The researches completed in solid tumors are largely supportive of each other, in that regardless of the cell type expressing CD38, the effect is immunosuppressive and tumor-promoting. However, the data generated from studies on the influence of CD38 in prostate cancer are disparate from these findings. Low expression of CD38 enriches for luminal progenitor cells in human prostate. CD38 low luminal cells are localized in proximity to prostatic inflammation, and low CD38 is prognostic for biochemical recurrence and metastasis [80]. CD38 mRNA was reduced in metastatic, castration-resistant prostate cancer compared to localized prostate cancer, and protein expression was inversely correlated with recurrence. Overexpression of CD38 in PC depleted extracellular, but not intracellular, NAD+ levels, though the functional relevance of this depletion of extracellular NAD+ was not elucidated in these studies [81]. Another study confirmed that CD38 expression is inversely correlated with tumor progression in prostate cancer, and this corresponds with increased NAD+ levels in the tumor [82]. The overexpression of CD38 in prostate cancer cells decreased proliferation with an increase in cell doubling time, as well as decreased glycolytic and metabolic capacity. Lastly, these studies demonstrated that CD38 activity increases pAMPK with subsequent inhibition of fatty acid and lipid synthesis [82], so loss of CD38 with tumor progression correlates with decreased pAMPK and increased fatty acid/lipid synthesis.
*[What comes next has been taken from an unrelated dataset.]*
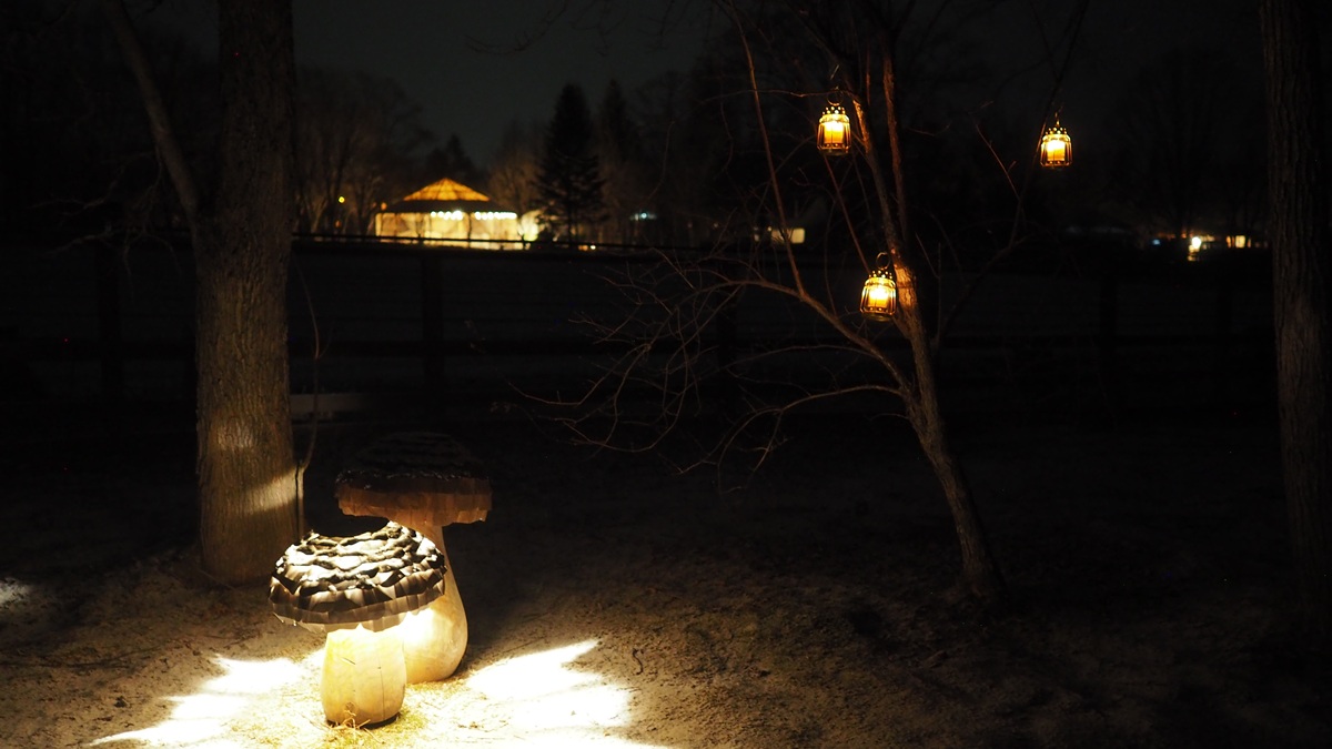冬の森は殺風景だ。陽射しを受け止めていた葉は落ち、今はすっかり見通しがいい。色は少なく、樹皮のグレーと地面の白黒のモノトーン。夏のお祭りみたいなにぎやかさにくらべ、落ち着いた雰囲気。夜は音が少なく暗い。人によってはこわく感じるかもしれない。

As prostate cancer has a lipogenic phenotype, the lack of fatty acid and lipid synthesis as a result of CD38 expression would likely be detrimental for successful tumorigenesis. Thus, the differential metabolic needs of prostate cancer, as compared to other solid tumors described above, may hint to the varying impact of the expression of CD38 in these diseases.
Taken together, these studies indicate that therapeutic strategies that target CD38 activity would likely be effective in solid tumors in addition to hematologic malignancies like multiple myeloma. The exception to this may exist for those tumor types which require increased NAD+ pools for metabolic needs like fatty acid and lipid synthesis, as described in prostate cancer. Of note, the aforementioned research did not assay the expression of CD157, a CD38 homolog, or other ectoenzymes that regulate metabolite levels in the extracellular environment that may be immunosuppressive.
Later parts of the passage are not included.